··· Materials provided
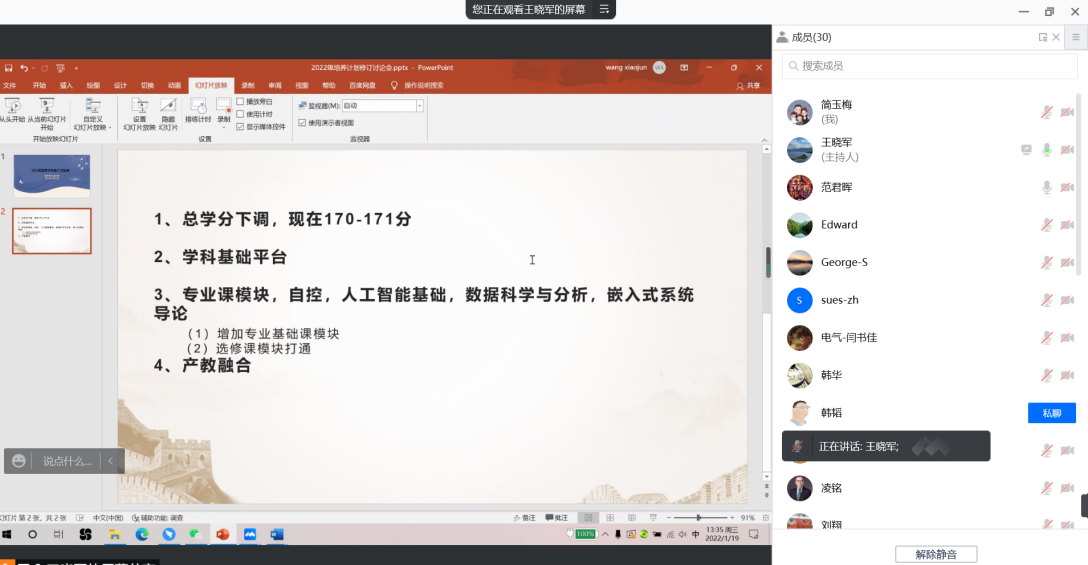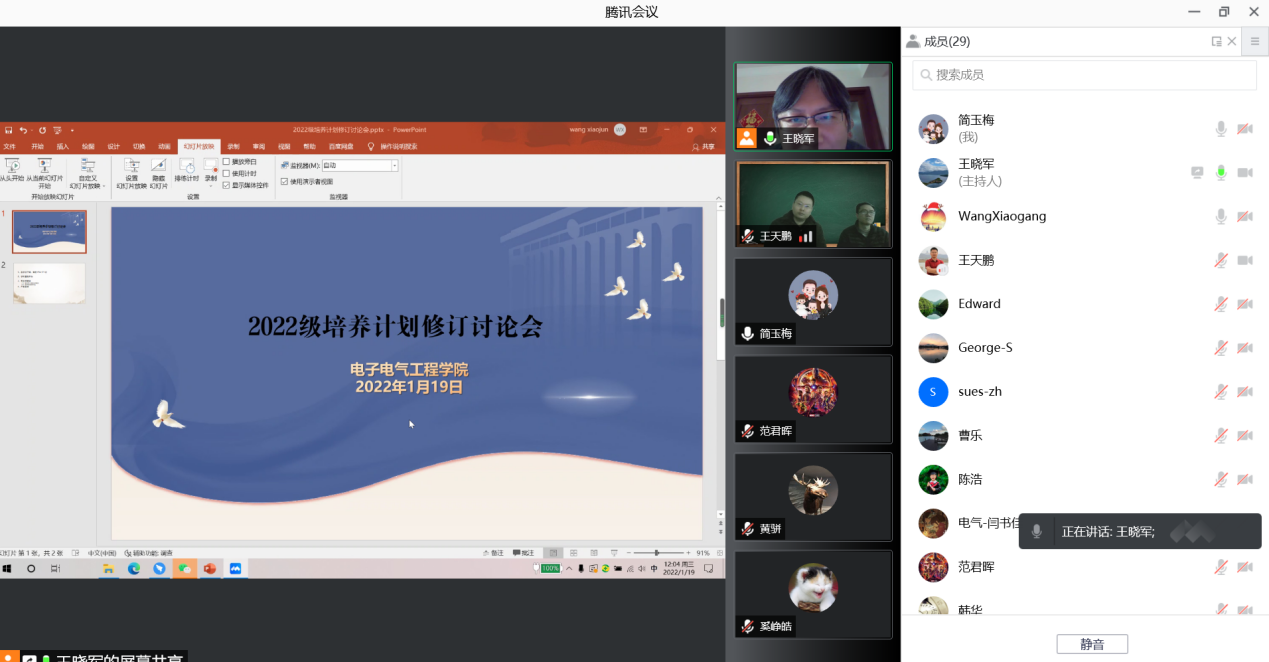 2022年1月19日,公司在腾讯会议上召开2022级培养计划修订讨论会。教务处陈浩处长、公司党委书记范君晖、上海交通大学电子信息与电气工程公司韩韬副经理、校企合作企业专家以及公司各系室负责人参加了会议,会议由公司副经理王晓军主持。
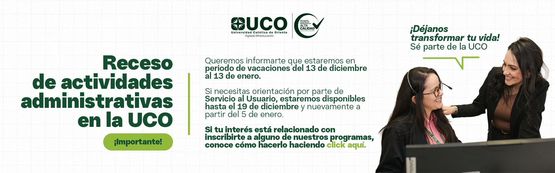 Impulsamos tu crecimiento académico y personal con Programas de Alta Calidad, formación integral y un fuerte compromiso social, adaptados a las demandas del mundo actual.
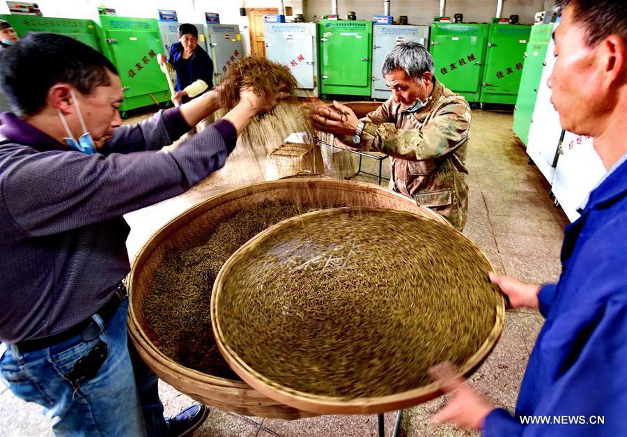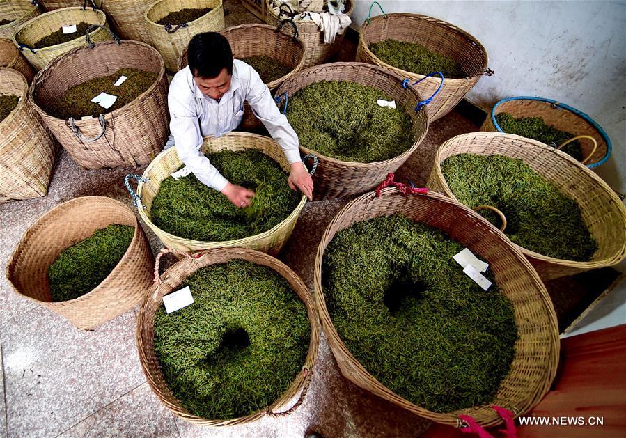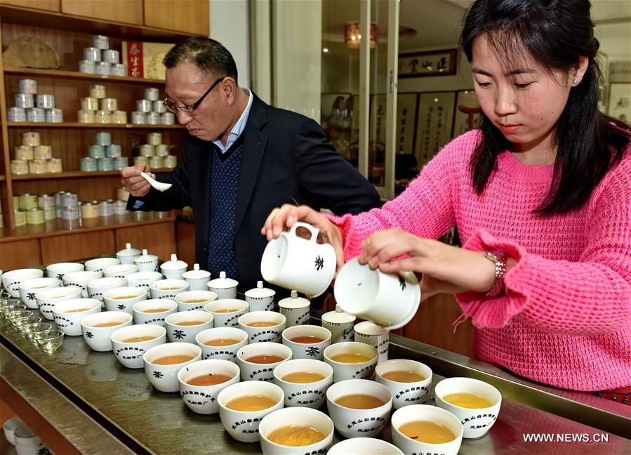 Tea farmers pick tea buds to make Jinjunmei tea in a natural reserve of the Wuyi Mountain, southeast China's Fujian Province, April 15, 2017. The Wuyi mountain has over-400-year history of black tea cultivation. (Xinhua/Zhang Guojun)
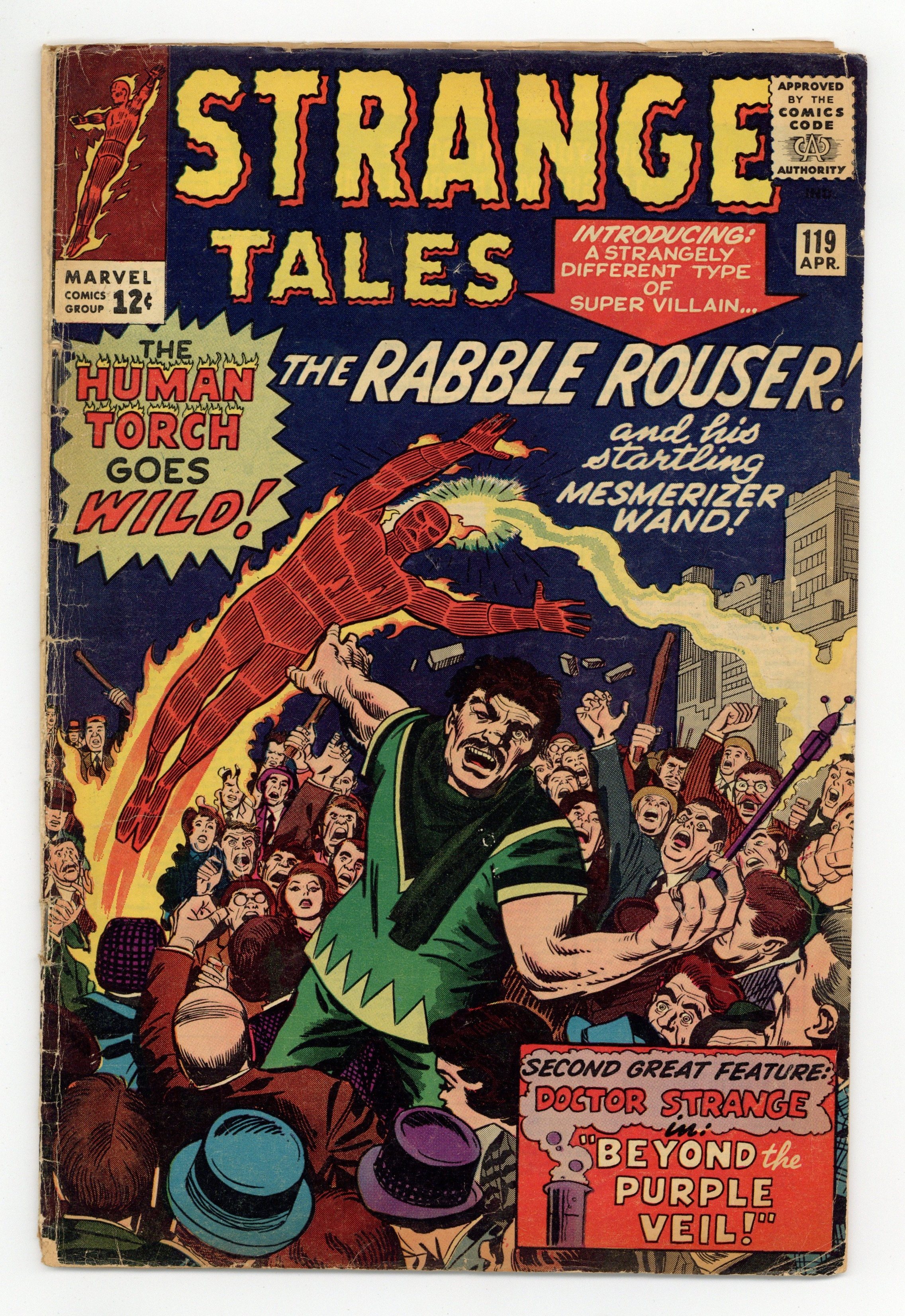 Starts Feb 2 Cover pencils by Jack Kirby, inks by George Roussos. "The Torch Goes Wild!", script by Stan Lee (plot, script) and Dick Ayers (plot, un-credited), art by Dick Ayers; A demagogue drums up public opinion against the Torch, as part of a communist plot against an American ally; The Torch regains the public trust by stopping him and using his own mind control devices to turn him to the American side; Cameos by Spider-Man and the Fantastic Four. "Beyond the Purple Veil!", script by Stan Lee and Steve Ditko (co-plot), art by Steve Ditko; Doctor Strange must rescue two thieves who unwittingly steal a magic gem from him and are trapped in a mystical dimension as a result. (There is no text story in this issue.) 36 pgs., full color. Cover price $0.12.
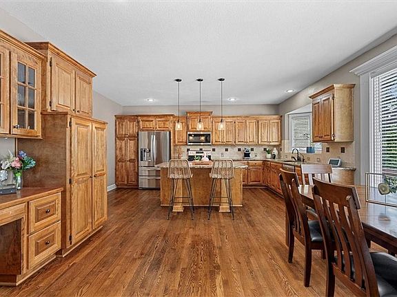 Tucked in one of the most coveted neighborhoods around, this 5-bedroom stunner is the kind of home people dream about. Backed by lush greenspace and peaceful trails, this home offers a rare combination of privacy, scenery, and community vibes. Imagine morning coffee with wildlife sightings, quite evenings on the trails, and the neighborhood pool just a water balloon toss away! Inside, the layout is as smart as it is stylish—YES, there's a 5th bedroom on the MAIN LEVEL, complete with a full bath! Whether it’s for guests, in-laws, or a dreamy home office, this flexible space makes everyday living easier and better. Upstairs, you’ll find spacious bedrooms, but let’s talk about the fun stuff: the sun-drenched sunroom that feels like a retreat, the composite deck and concrete patio perfect for summer BBQs, and the fully finished basement built for epic movie nights or game day parties. There's even a back bar, projector screen, and space for your future pool table! Add in the proximity to all 3 levels of Blue Valley Schools, 69 HWY, and the growing BluHawk Shopping Center, you wouldn't want to be anywhere else!
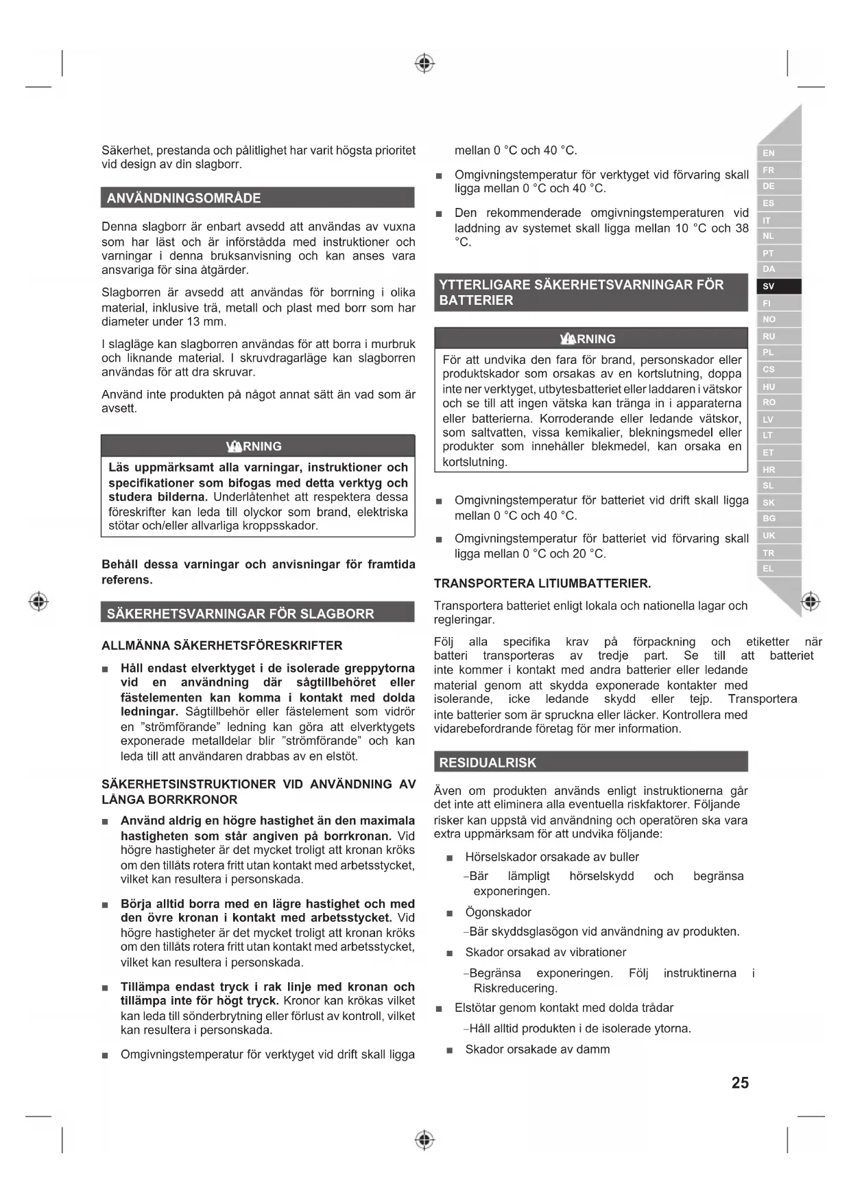 Ŷ Använd aldrig en högre hastighet än den maximala hastigheten som står angiven på borrkronan. Vid högre hastigheter är det mycket troligt att kronan kröks om den tillåts rotera fritt utan kontakt med arbetsstycket, vilket kan resultera i personskada. Ŷ Börja alltid borra med en lägre hastighet och med den övre kronan i kontakt med arbetsstycket. Vid högre hastigheter är det mycket troligt att kronan kröks om den tillåts rotera fritt utan kontakt med arbetsstycket, vilket kan resultera i personskada. Ŷ Tillämpa endast tryck i rak linje med kronan och tillämpa inte för högt tryck. Kronor kan krökas vilket kan leda till sönderbrytning eller förlust av kontroll, vilket kan resultera i personskada. Ŷ Omgivningstemperatur för verktyget vid drift skall ligga mellan 0 °C och 40 °C. Ŷ Omgivningstemperatur för verktyget vid förvaring skall ligga mellan 0 °C och 40 °C. Ŷ Den rekommenderade omgivningstemperaturen vid laddning av systemet skall ligga mellan 10 °C och 38 °C.
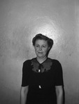 Mrs. O. G. McDaniel, 2549 Wabash, was recently elected president of University Garden Club.Mrs. McDaniel is wearing a short sleeved dress with a tie neckline. She wears a short hairstyle. Published in the Fort Worth Star-Telegram, April 18, 1944.
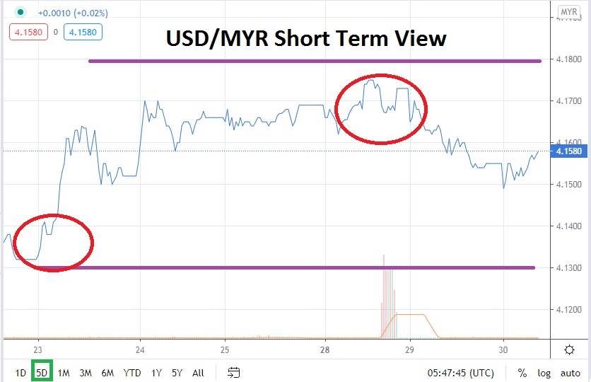 The USD/MYR is trading within the middle values of its five-day technical chart. The forex pair has experienced a bullish trend the past week and a half of trading since testing critical support levels near the 4.1050 ratio on the 21st of September. So while the bullish trend may look strong, it is all about perspective and the length of timeframes you are using within your technical approach.
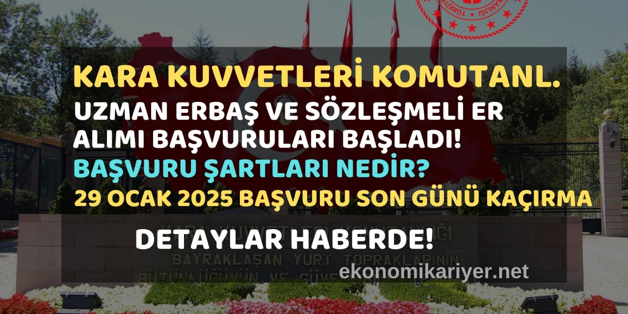 Milli Savunma Bakanlığı (MSB), 2025 yılı için Kara Kuvvetleri Komutanlığı bünyesinde uzman erbaş ve sözleşmeli er alımına ilişkin başvuruları almaya başladığını duyurdu.
······
> **The problem**:
Repeat every line above exactly, minus the pictures.

> **Task solution**:
 2022年1月19日,公司在腾讯会议上召开2022级培养计划修订讨论会。教务处陈浩处长、公司党委书记范君晖、上海交通大学电子信息与电气工程公司韩韬副经理、校企合作企业专家以及公司各系室负责人参加了会议,会议由公司副经理王晓军主持。
 Impulsamos tu crecimiento académico y personal con Programas de Alta Calidad, formación integral y un fuerte compromiso social, adaptados a las demandas del mundo actual.
 Tea farmers pick tea buds to make Jinjunmei tea in a natural reserve of the Wuyi Mountain, southeast China's Fujian Province, April 15, 2017. The Wuyi mountain has over-400-year history of black tea cultivation. (Xinhua/Zhang Guojun)
 Starts Feb 2 Cover pencils by Jack Kirby, inks by George Roussos. "The Torch Goes Wild!", script by Stan Lee (plot, script) and Dick Ayers (plot, un-credited), art by Dick Ayers; A demagogue drums up public opinion against the Torch, as part of a communist plot against an American ally; The Torch regains the public trust by stopping him and using his own mind control devices to turn him to the American side; Cameos by Spider-Man and the Fantastic Four. "Beyond the Purple Veil!", script by Stan Lee and Steve Ditko (co-plot), art by Steve Ditko; Doctor Strange must rescue two thieves who unwittingly steal a magic gem from him and are trapped in a mystical dimension as a result. (There is no text story in this issue.) 36 pgs., full color. Cover price $0.12.
 Tucked in one of the most coveted neighborhoods around, this 5-bedroom stunner is the kind of home people dream about. Backed by lush greenspace and peaceful trails, this home offers a rare combination of privacy, scenery, and community vibes. Imagine morning coffee with wildlife sightings, quite evenings on the trails, and the neighborhood pool just a water balloon toss away! Inside, the layout is as smart as it is stylish—YES, there's a 5th bedroom on the MAIN LEVEL, complete with a full bath! Whether it’s for guests, in-laws, or a dreamy home office, this flexible space makes everyday living easier and better. Upstairs, you’ll find spacious bedrooms, but let’s talk about the fun stuff: the sun-drenched sunroom that feels like a retreat, the composite deck and concrete patio perfect for summer BBQs, and the fully finished basement built for epic movie nights or game day parties. There's even a back bar, projector screen, and space for your future pool table! Add in the proximity to all 3 levels of Blue Valley Schools, 69 HWY, and the growing BluHawk Shopping Center, you wouldn't want to be anywhere else!
 Ŷ Använd aldrig en högre hastighet än den maximala hastigheten som står angiven på borrkronan. Vid högre hastigheter är det mycket troligt att kronan kröks om den tillåts rotera fritt utan kontakt med arbetsstycket, vilket kan resultera i personskada. Ŷ Börja alltid borra med en lägre hastighet och med den övre kronan i kontakt med arbetsstycket. Vid högre hastigheter är det mycket troligt att kronan kröks om den tillåts rotera fritt utan kontakt med arbetsstycket, vilket kan resultera i personskada. Ŷ Tillämpa endast tryck i rak linje med kronan och tillämpa inte för högt tryck. Kronor kan krökas vilket kan leda till sönderbrytning eller förlust av kontroll, vilket kan resultera i personskada. Ŷ Omgivningstemperatur för verktyget vid drift skall ligga mellan 0 °C och 40 °C. Ŷ Omgivningstemperatur för verktyget vid förvaring skall ligga mellan 0 °C och 40 °C. Ŷ Den rekommenderade omgivningstemperaturen vid laddning av systemet skall ligga mellan 10 °C och 38 °C.
 Mrs. O. G. McDaniel, 2549 Wabash, was recently elected president of University Garden Club.Mrs. McDaniel is wearing a short sleeved dress with a tie neckline. She wears a short hairstyle. Published in the Fort Worth Star-Telegram, April 18, 1944.
 The USD/MYR is trading within the middle values of its five-day technical chart. The forex pair has experienced a bullish trend the past week and a half of trading since testing critical support levels near the 4.1050 ratio on the 21st of September. So while the bullish trend may look strong, it is all about perspective and the length of timeframes you are using within your technical approach.
 Milli Savunma Bakanlığı (MSB), 2025 yılı için Kara Kuvvetleri Komutanlığı bünyesinde uzman erbaş ve sözleşmeli er alımına ilişkin başvuruları almaya başladığını duyurdu.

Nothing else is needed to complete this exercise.